My story with The Sunlandic Twins starts in April of last year. I got an advance copy to review for the newspaper, and didn't enjoy it much. After SPITA, it didn't seem like Sunlandic could hold a candle to it. My review reflected this, and I sort of slammed the record. However, as is the case with critics with deadlines, I didn't have enough alone time with the album. Like a fine wine, Sunlandic blossomed and bloomed with psychedelic melodies, danceable beats and insanely deep production. To break from what Of Montreal was known for and create something like this took...well, it took a lot of balls, and Kevin Barnes is the undisputed master and king of testicular girth.
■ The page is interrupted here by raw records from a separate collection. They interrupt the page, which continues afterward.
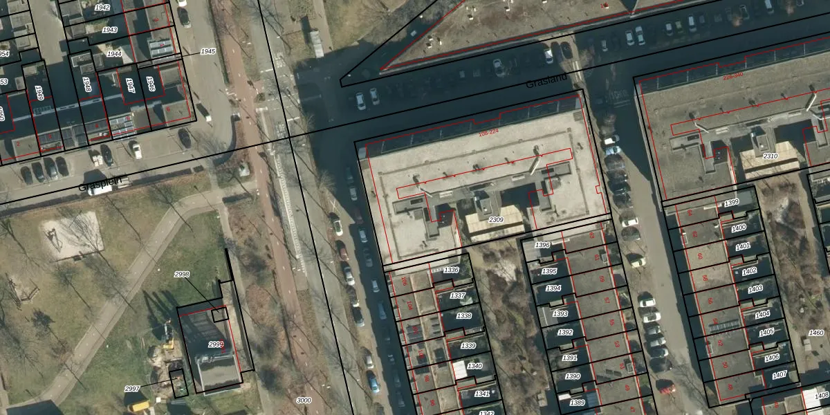 Het perceel waarop Grasland 180 staat heeft een oppervlakte van 1732 m². Dit is een zeer groot perceel. De perceeloppervlakte wordt geregistreerd door het Kadaster. Gedetailleerde informatie over de maten van dit perceel kunt u vinden in het rapport Kadastrale kaart met maatvoering van Grasland 180.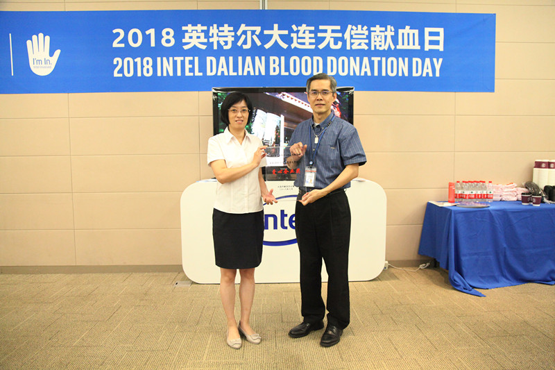 在献血活动现场,大连市血液中心副主任范亚欣向英特尔半导体(大连)有限公司授予“2018年度大连市无偿献血爱心企业奖”,感谢英特尔半导体(大连)有限公司多年来积极参与无偿献血活动。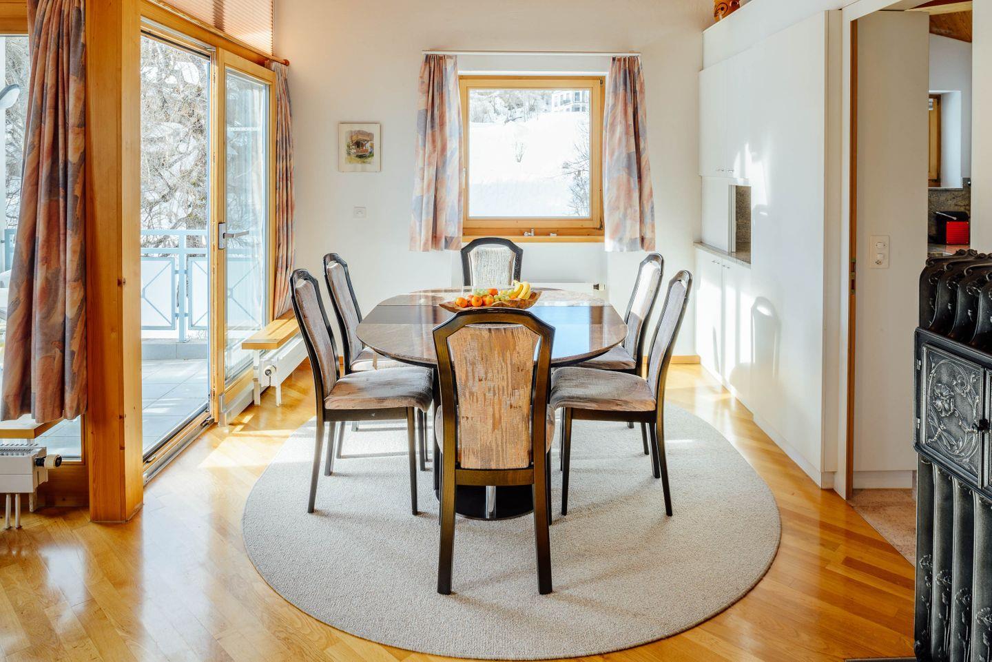 Der grosszügige Wohnraum mit Essbereich laden zu gemütlichen Abenden ein, oder lassen Sie die Seele baumeln und geniessen Sie den sonnigen Balkon mit schöner Aussicht.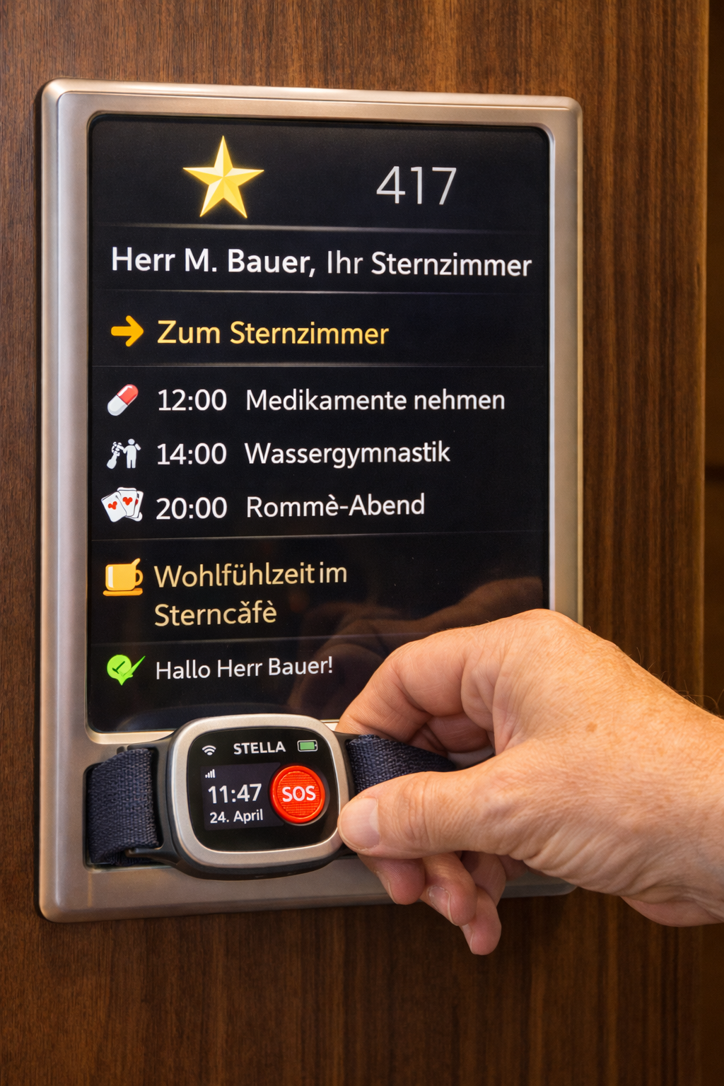 An jeder Tür befindet sich ein eigener Stella-Monitor, und sobald jemand sein Sternenband daran hält, erkennt Stella sofort, wer dort steht. Auf dem Bildschirm erscheint dann automatisch ein individueller Wegweiser zum eigenen Sternzimmer, Sternraum oder zur Sternkammer, ergänzt um alle relevanten Informationen für diesen Menschen: Wann ist die nächste Medikamenteneinnahme fällig, welche Termine stehen heute an, wo beginnt gleich die Wassergymnastik oder der Kartenabend, und welche Angebote könnten gerade gut tun.

I had the pleasure of interviewing this genius months down the road as they brought their tour into Madison. We talked about critics and reactions to the new album; for me a silent apology to him for not appreciating the record on first listen. He was shy and soft-spoken. Brilliant and thoughtful. My interview made up for the dismal critique, and their live show was one of the best times I've had all year. Barnes sheds all inhibitions when he takes the stage, breathing new live into his already textured beats and complexities. It was amazing.

The Sunlandic Twins pulls off the impossible, in that it's a wonderful album about wonderful things. Normally, depression and despair write the best music, but in the case of Barnes, starting a family was the topic of conversation for the new record. Tracks like "So Begins Our Alabee" and "The Party's Crashing Us" may have sounded disposable upon first listen, but they are still two of the best tracks I've heard all year. This album leaves me positively giddy in wait for the new one, which is about the nicest compliment I could give to a working musician.

The Sunlandic Twins is the CDP's Album of the Year. What do you have to say about it? Sound off in the comments section, and thanks for checking out my list.